- Opening Delimiter -

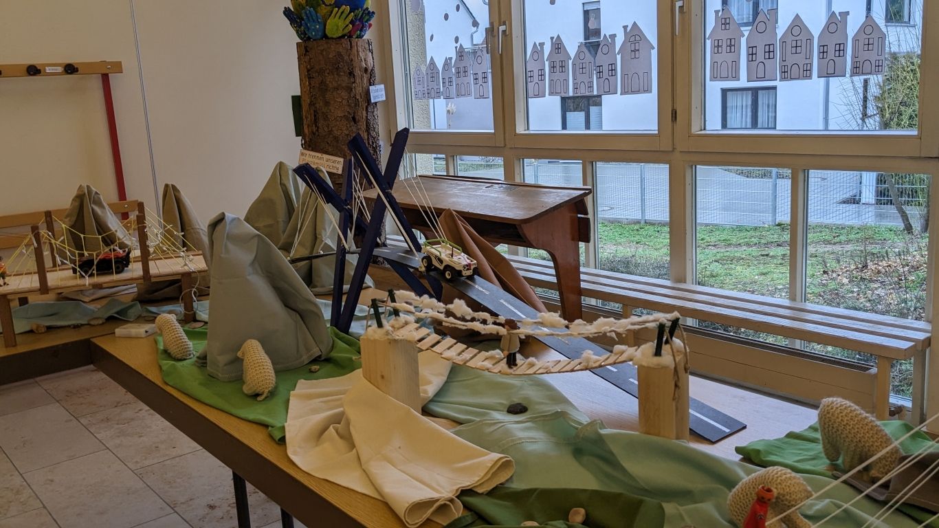 Wir haben in der Aula Tische aufgestellt, um eine Ausstellung vorzubereiten. Mit Tüchern wurden Landschaften gemacht und mit Playmobilmännchen dekoriert.
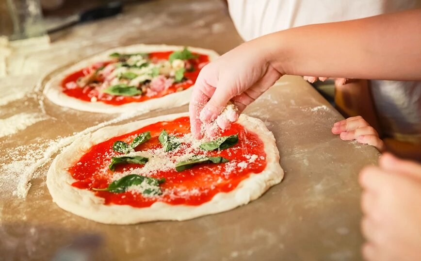 Χωρίστε τη ζύμη στη μέση και σχηματίστε κάθε μισό σε μπάλα. Τοποθετήστε κάθε μισό σε ένα μπολ που έχει λαδωθεί και καλύψτε το με διάφανη μεμβράνη για 45 λεπτά σε θερμοκρασία δωματίου. Προθερμάνετε το φούρνο στους 250 βαθμούς.
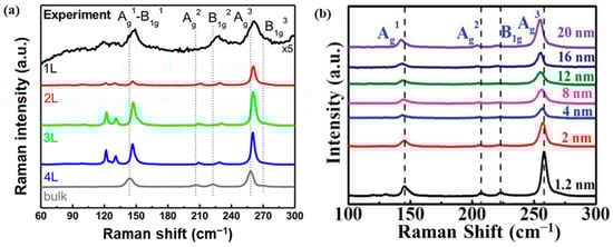 (a) Exfoliated PdSe2 nanosheets’ layer-dependent Raman spectra (monolayer to bulk) at 532 nm excitation laser wavelength. Reprinted with permission from ref. [21] © 2017 American Chemical Society (b) Raman spectra of PdSe2 films synthesized via CVD with varying thickness. Reprinted with permission from ref. [49] © 2018 WILEY-VCH Verlag GmbH & Co. KGaA, Weinheim.
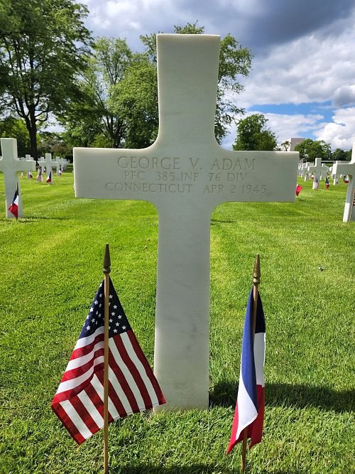 Pfc George V. Adam was a chauffeur before he enlisted in New Haven, Connecticut on 17 December 1943.He was wounded by a gunshot in the chest and died of his wounds.
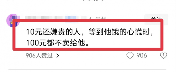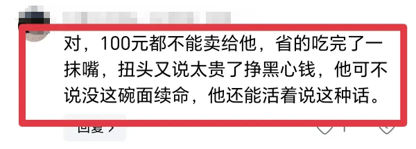 有人说对,100元都不能卖给他,省的吃完了一抹嘴,扭头又说太贵了挣黑心钱,他可不说这碗面能续命,他还能活着说这种话,嫌贵的不卖给他,贵贱不卖。
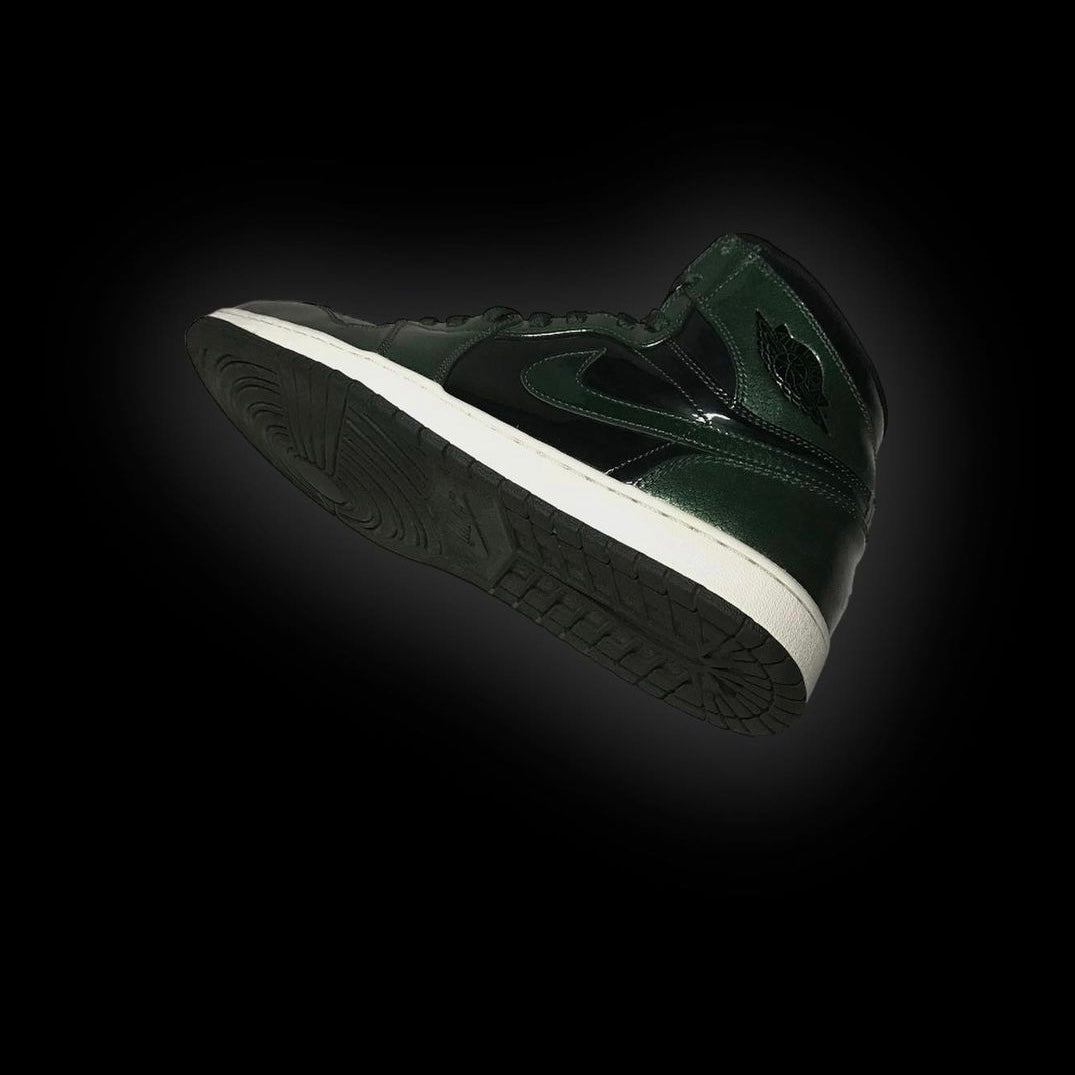 La marque Air Jordan n’en finit plus de ses spot publicitaires où sont mis en avant des stars de la NBA comme Russel Westbrook ou encore Kawhi Léonard deux athlètes qui défient les lois de la gravité. La chaussure colle parfaitement avec ce mindset car au delà de sa construction en cuire vernis, craquelé, vintage et sa teinte black/Grove Green, on peut apercevoir derrière la languette l’inscription «Anti-Gravity Machines». Encore une fois le patent leather donne à la paire un aspect luisant et élégant.
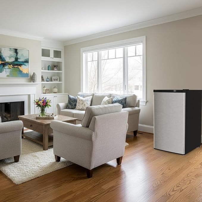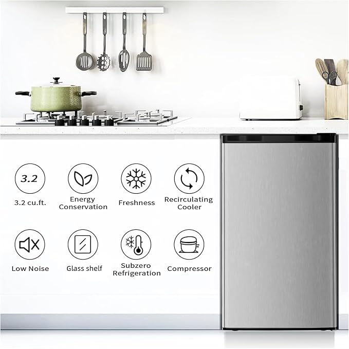 - Size and Capacity-Dimension: 17.52"W x 19.29"D x 30.71"H and 3.2 cu.ft capacity. Sufficient space to store snacks, fruits, vegetables and soda.

- Closing Delimiter -

Write out exactly the lines from the line that contains "Χωρίστε τη ζύμη" through the end of the material, including both ends. No pictures belong in the copy.

 Χωρίστε τη ζύμη στη μέση και σχηματίστε κάθε μισό σε μπάλα. Τοποθετήστε κάθε μισό σε ένα μπολ που έχει λαδωθεί και καλύψτε το με διάφανη μεμβράνη για 45 λεπτά σε θερμοκρασία δωματίου. Προθερμάνετε το φούρνο στους 250 βαθμούς.
 (a) Exfoliated PdSe2 nanosheets’ layer-dependent Raman spectra (monolayer to bulk) at 532 nm excitation laser wavelength. Reprinted with permission from ref. [21] © 2017 American Chemical Society (b) Raman spectra of PdSe2 films synthesized via CVD with varying thickness. Reprinted with permission from ref. [49] © 2018 WILEY-VCH Verlag GmbH & Co. KGaA, Weinheim.
 Pfc George V. Adam was a chauffeur before he enlisted in New Haven, Connecticut on 17 December 1943.He was wounded by a gunshot in the chest and died of his wounds.
 有人说对,100元都不能卖给他,省的吃完了一抹嘴,扭头又说太贵了挣黑心钱,他可不说这碗面能续命,他还能活着说这种话,嫌贵的不卖给他,贵贱不卖。
 La marque Air Jordan n’en finit plus de ses spot publicitaires où sont mis en avant des stars de la NBA comme Russel Westbrook ou encore Kawhi Léonard deux athlètes qui défient les lois de la gravité. La chaussure colle parfaitement avec ce mindset car au delà de sa construction en cuire vernis, craquelé, vintage et sa teinte black/Grove Green, on peut apercevoir derrière la languette l’inscription «Anti-Gravity Machines». Encore une fois le patent leather donne à la paire un aspect luisant et élégant.
 - Size and Capacity-Dimension: 17.52"W x 19.29"D x 30.71"H and 3.2 cu.ft capacity. Sufficient space to store snacks, fruits, vegetables and soda.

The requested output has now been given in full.